PROVIDED DATA »

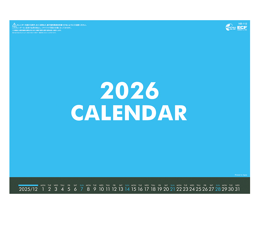 大きな数字で、実用性にこだわりました。祝祭日・九星・六曜も入っているのに、コンパクトな角型仕上げ。価格もお手頃です。名入れ色は、基本7色(濃紺・黒)より選べます。
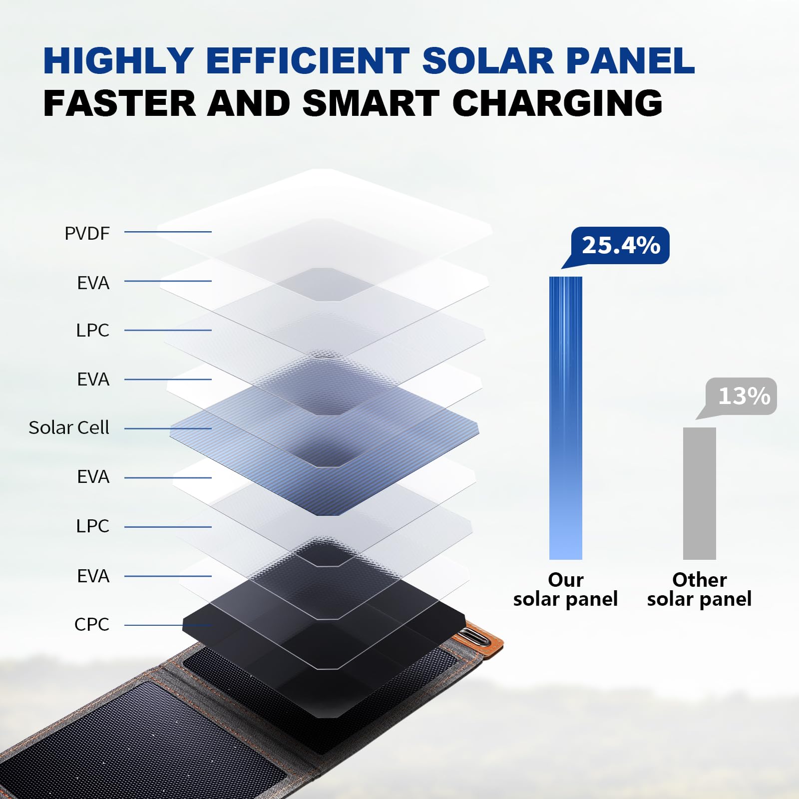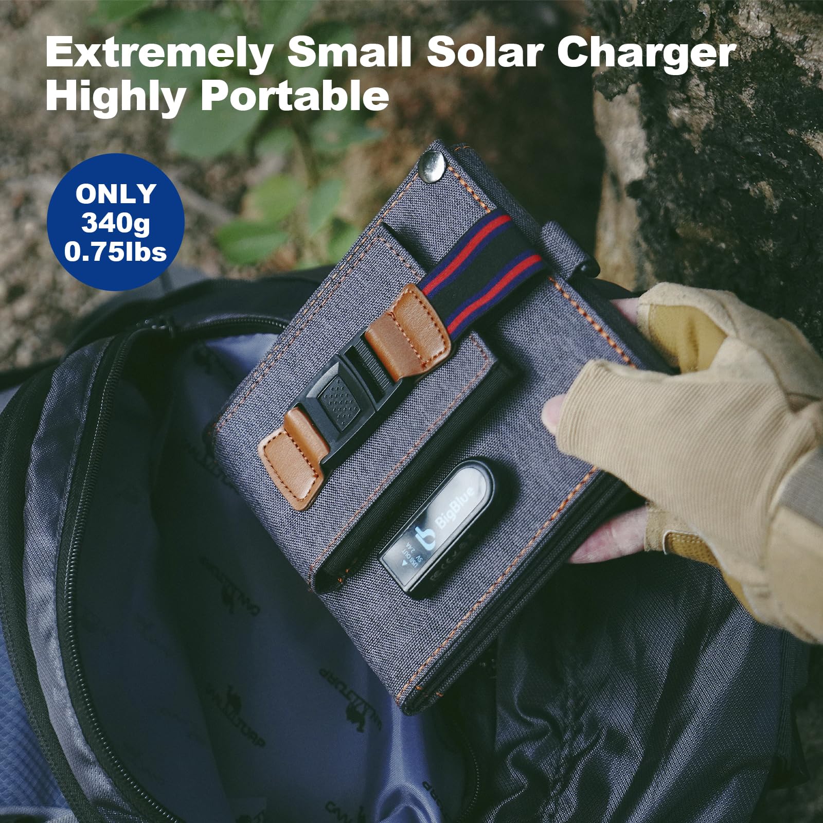 -Remarkable Solar Power Efficiency: Using BigBlue's upgraded lamination technology, the efficiency of converting solar energy into electricity is up to 25.4%. Note: this portable solar charger can't store electricity, the angle toward sunlight, operating temperature, and sunlight intensity will affect the real output
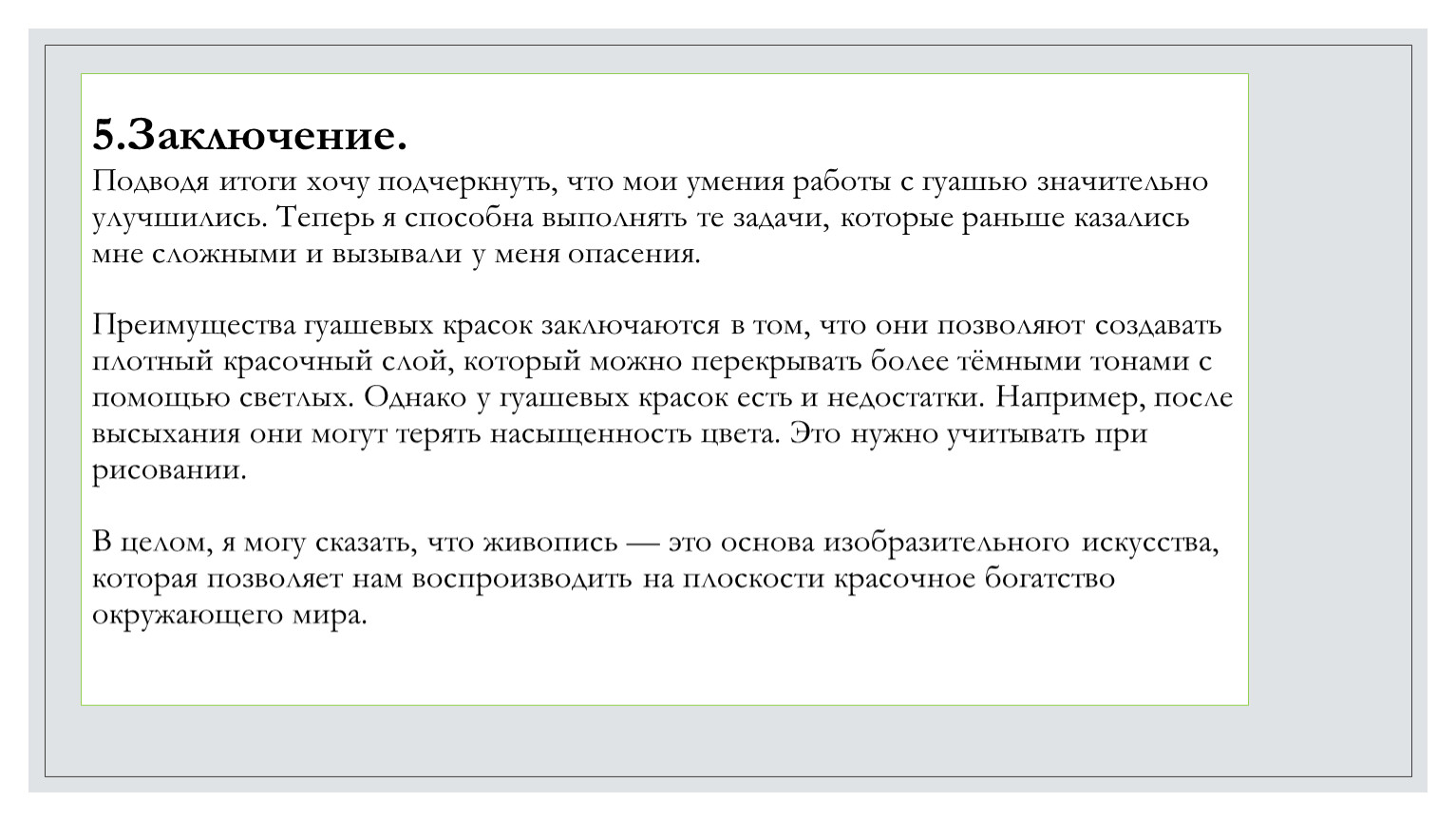 5.Заключение.Подводя итоги хочу подчеркнуть, что мои умения работы с гуашью значительно улучшились. Теперь я способна выполнять те задачи, которые раньше казались мне сложными и вызывали у меня опасения.Преимущества гуашевых красок заключаются в том, что они позволяют создавать плотный красочный слой, который можно перекрывать более тёмными тонами с помощью светлых. Однако у гуашевых красок есть и недостатки. Например, после высыхания они могут терять насыщенность цвета. Это нужно учитывать при рисовании.В целом, я могу сказать, что живопись — это основа изобразительного искусства, которая позволяет нам воспроизводить на плоскости красочное богатство окружающего мира.

WHAT THE TASK ASKS » Please print the data above once more, exactly as it appears, with no pictures.

ANSWER FOR THE TASK »
 大きな数字で、実用性にこだわりました。祝祭日・九星・六曜も入っているのに、コンパクトな角型仕上げ。価格もお手頃です。名入れ色は、基本7色(濃紺・黒)より選べます。
 -Remarkable Solar Power Efficiency: Using BigBlue's upgraded lamination technology, the efficiency of converting solar energy into electricity is up to 25.4%. Note: this portable solar charger can't store electricity, the angle toward sunlight, operating temperature, and sunlight intensity will affect the real output
 5.Заключение.Подводя итоги хочу подчеркнуть, что мои умения работы с гуашью значительно улучшились. Теперь я способна выполнять те задачи, которые раньше казались мне сложными и вызывали у меня опасения.Преимущества гуашевых красок заключаются в том, что они позволяют создавать плотный красочный слой, который можно перекрывать более тёмными тонами с помощью светлых. Однако у гуашевых красок есть и недостатки. Например, после высыхания они могут терять насыщенность цвета. Это нужно учитывать при рисовании.В целом, я могу сказать, что живопись — это основа изобразительного искусства, которая позволяет нам воспроизводить на плоскости красочное богатство окружающего мира.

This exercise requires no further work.